Netlink ist eine Socket-basierte Schnittstelle zur IPC-Kommunikation zwischen User- und Kernelspace von Linux. Eine kürzlich entdeckte Schwachstelle in der darüber bereitgestellten Netzwerk-Monitor-Funktion führt dazu, dass ein lokaler Angreifer das System zum Stillstand bringen kann.

Netlink ermöglicht die Kommunikation von Linux-Kernel und Userspace per Socket.

Für Userspace-Programme gibt es zahlreiche Möglichkeiten, mit dem Kernel zu kommunizieren: System Calls, Ioctl sowie das "/proc"-Dateisystem. Aber die Verständigung der zwei Welten ist auch mit Hilfe von Netlink-Sockets möglich. Sockets bieten dabei einige Vorzüge: asynchrone Kommunikation (via Message-Queue), Multicast (Nachrichten an verschiedene Prozesse in einem Rutsch versenden), Duplex-Nachrichten (kein ständiges Polling notwendig). Außerdem besitzen die meisten Entwickler Erfahrung mit Socket-Programmierung, so dass die Lernkurve ist flach ist. Ein Netlink-Socket lässt sich wie jeder andere Socket auch erzeugen:

int socket(int domain, int type, int protocol)

Als Domain gibt der Programmierer "AF_NETLINK" an (statt "AF_INET" oder "AF_INET6", wie für IPv4 und IPv6 üblich). Beim Socket-Typ muss er beachten, dass es sich bei Netlink-IPC um einen Datagramm-orientierten Dienst handelt, und entsprechend "SOCK_DGRAM" als Typ verwenden, wobei auch "SOCK_RAW" funktioniert. Daneben muss das System noch wissen, zu welchem Dienst der Userspace-Prozess eine Verbindung aufbauen soll. Hierzu stehen verschiedene durch "protocol" spezifizierte Netlink-Module zur Verfügung. Beispielsweise kann er via "NETLINK_FIREWALL" mit der Kernel-Firewall kommunizieren oder mit "NETLINK_SELINUX" nach speziellen SE-Linux-Benachrichtigungen lauschen. Unter der Vielzahl dieser Optionen befindet sich auch "NETLINK_INET_DIAG", die sich für das Monitoring von INET-Sockets eignet. Nach Erzeugung des Sockets muss der Entwickler diesen mit

int bind(int sockfd, const struct sockaddr *my_addr, socklen_t addrlen)

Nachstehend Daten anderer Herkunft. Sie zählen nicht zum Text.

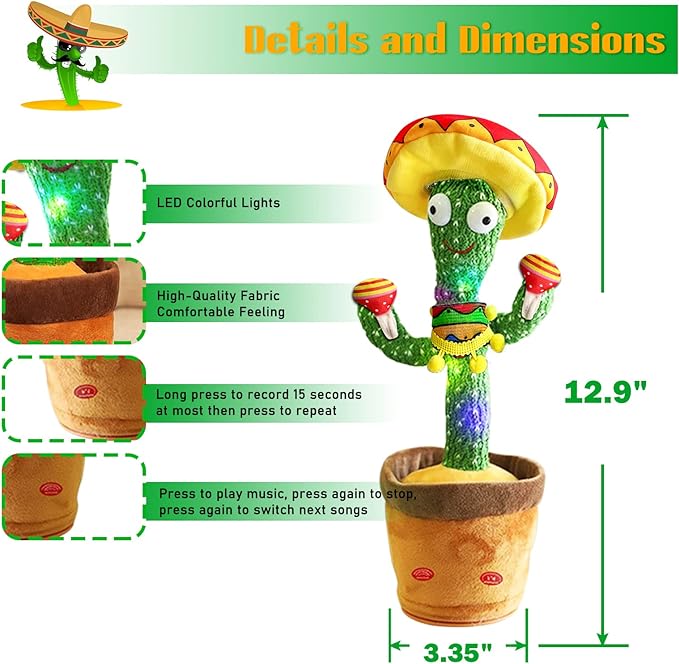 As a caring parent, you strive to give your baby the best, and this extraordinary Talking & Dancing Cactus Doll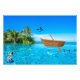 A digital illustration features a vibrant tropical scene with a woman, a boat, and various elements of nature. The woman, who appears to be Caucasian with fair skin and brown hair, is around 25 years old. She is sitting on a blue exercise ball in the water, wearing a grey sports bra and black shorts. The water is a clear, bright turquoise, resembling a swimming pool that extends to the horizon, blending seamlessly with the ocean. Palm trees and lush greenery are visible in the background, with a colourful parrot perched on one of the trees. A blue butterfly flutters in the sky. A wooden rowboat with oars is positioned in the water, seemingly floating. Behind the boat, three whale tails emerge from the water, adding a whimsical touch to the scene. The sky is a clear blue with a few scattered clouds. The overall style is cartoonish and vibrant, with a focus on bright colours and clear lines. The composition is balanced, with the various elements arranged to create a sense of depth and harmony. The lighting is bright and even, enhancing the cheerful and idyllic atmosphere of the scene.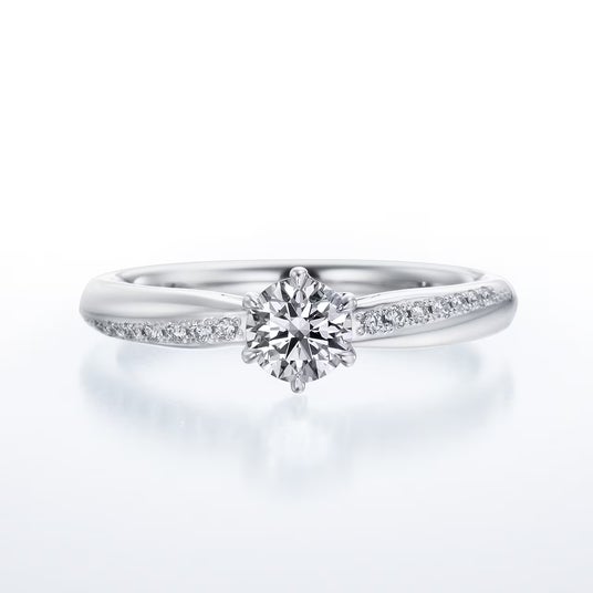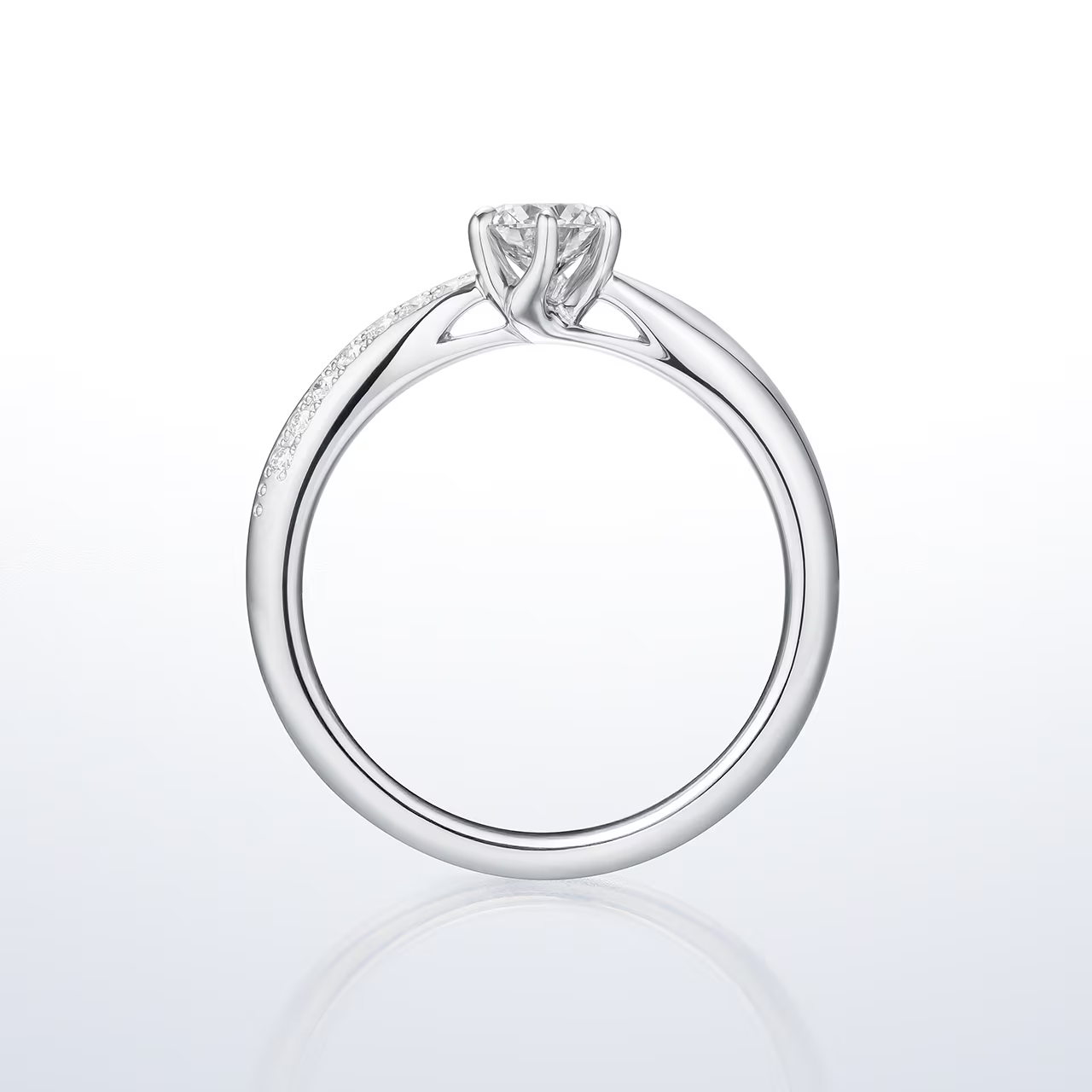 ふたりの出会いによって生まれた無限の輝きが永遠となり、未来へと果てしなく続いていく様子を表現しています。中心に向かって細くなるアームはセンターダイヤモンドを引き立て、ストレートでありながら緩やかなウェーブを描く有機的なメレダイヤモンドのラインは上品かつ自然な印象を与えます。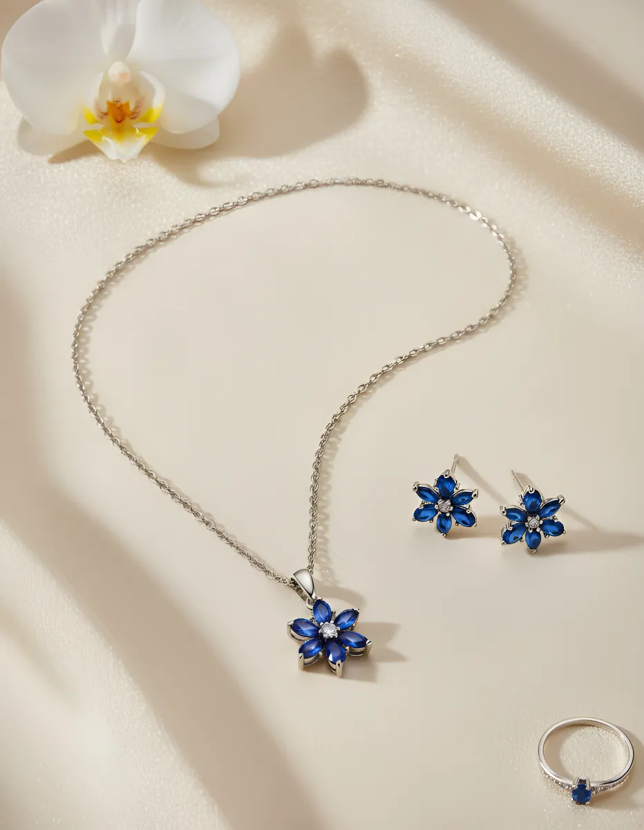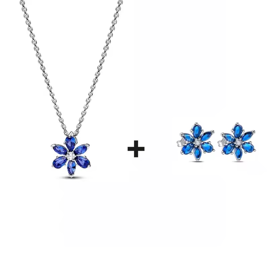 InicioCollares Pandora Set De Collar Y Aretes Pandora Flor Azul Brillante En Plata S925

einer lokalen Socket-Adresse zuordnen, ähnlich wie dies für gewöhnliche UDP/TCP-IP-Sockets auch geschieht, wobei er folgende spezielle Struktur für die Kodierung der Adresse verwendet:

struct sockaddr_nl {
               sa_family_t     nl_family;  /* AF_NETLINK */
               unsigned short  nl_pad;     /* Zero. */
               pid_t           nl_pid;     /* Process ID. */
               __u32           nl_groups;  /* Multicast groups mask. */
           };

Anscließend übergibt er die Struktur per "(struct sockaddr*)"-Cast als Argument an "bind()". In das Feld "pid_t" kann er beim Aufruf mit "bind()" die PID des Prozesses schreiben (Vorsicht bei Threading!), und "nl_groups" dient zum Behandeln von Multicast-Gruppen (0 für Unicast).

Nun lassen sich Nachrichten zwischen dem Kernel und Prozess (oder unter beliebigen Prozessen) austauschen, wobei die anderen Prozesse jeweils mit einer "sockaddr_nl"-Struktur adressiert werden und der Kernel die PID 0 trägt. Diese Struktur wird dann in die Nachrichtenstruktur "struct msghdr" geschrieben.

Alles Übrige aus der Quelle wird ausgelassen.